Δείτε εδώ την ειδική έκδοση

Monday Interview: Ren Jianxin, ChemChina

Ren Jianxin, chairman of China's largest chemicals company, ChemChina, entertains visitors in a boardroom just down the hall from the group's Chinese Communist party general office, a mandatory feature at big state-owned enterprises and increasingly common at many private businesses too. It is a reminder that ChemChina's Mr Ren is, as head of one of the country's largest state companies, a senior member of the country's ruling party.
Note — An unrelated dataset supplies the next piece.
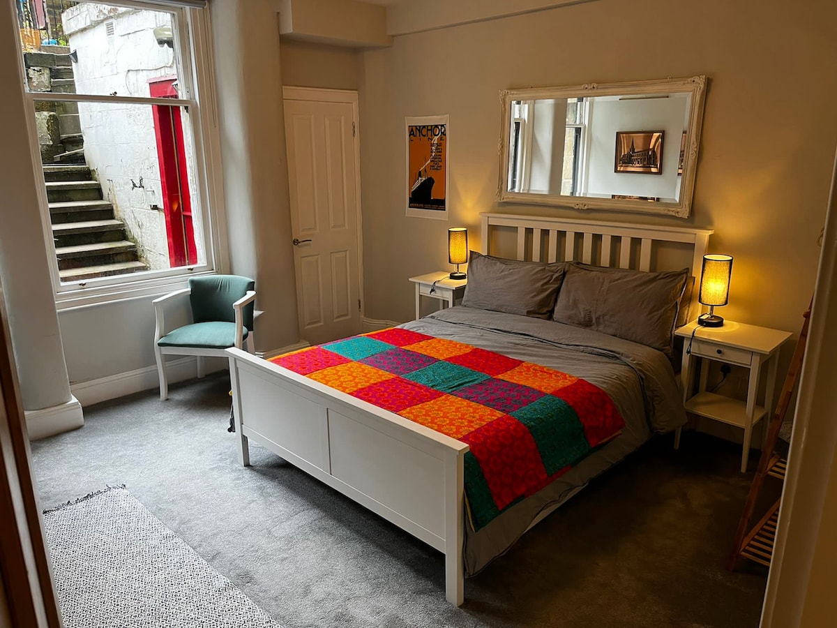Fantastic, quiet location in the heart of Kelvinbridge, minutes walk to the park, the University, Art gallery and the shops, cafes and restaurants of the West End. Ground floor of an 1870s Glasgow townhouse, Grand living room- open fire, dining table. equipped kitchenette- fridge, ice box, cafetiere. Large, sunny bedroom, emperor bed, cotton sheets, natural mattress, heavy curtains . Plant filled bathroom, free standing bath, walk in shower. Fast WiFi. 50” tv. Alexa music. Heat controls

Mr Ren is also the prospective new boss of Pirelli, after he recently cut a deal to acquire Camfin, the investment vehicle that has a controlling 26 per cent stake in the Italian tyre company. That will be followed by a €7.3bn offer for Pirelli's remaining shares via a newly created holding company. If completed, the F1 sponsor's famous automotive tyre business will continue to be independently managed from Italy, while its industrial tyre business will be combined with a ChemChina subsidiary.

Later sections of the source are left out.